AVAILABLE DATA:
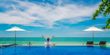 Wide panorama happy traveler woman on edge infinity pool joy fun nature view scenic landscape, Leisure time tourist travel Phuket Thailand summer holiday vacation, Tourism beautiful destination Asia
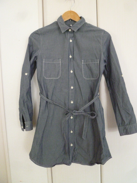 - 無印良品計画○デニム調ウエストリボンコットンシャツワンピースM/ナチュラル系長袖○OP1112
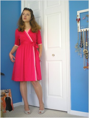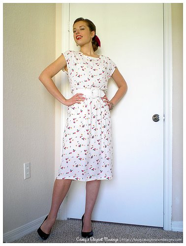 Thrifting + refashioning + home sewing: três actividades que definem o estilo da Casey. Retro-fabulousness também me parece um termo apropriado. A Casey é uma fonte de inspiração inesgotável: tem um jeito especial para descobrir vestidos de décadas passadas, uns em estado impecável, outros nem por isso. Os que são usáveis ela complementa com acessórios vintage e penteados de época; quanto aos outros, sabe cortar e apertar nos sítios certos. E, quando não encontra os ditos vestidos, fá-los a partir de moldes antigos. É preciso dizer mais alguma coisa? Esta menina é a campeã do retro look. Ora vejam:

BRIEF:
Pictures stay out; output the lines from the top of the listing above through the line containing "- 無印良品計画○デニム調ウ", exactly as they stand.

THE COMPLETED TASK:
 Wide panorama happy traveler woman on edge infinity pool joy fun nature view scenic landscape, Leisure time tourist travel Phuket Thailand summer holiday vacation, Tourism beautiful destination Asia
 - 無印良品計画○デニム調ウエストリボンコットンシャツワンピースM/ナチュラル系長袖○OP1112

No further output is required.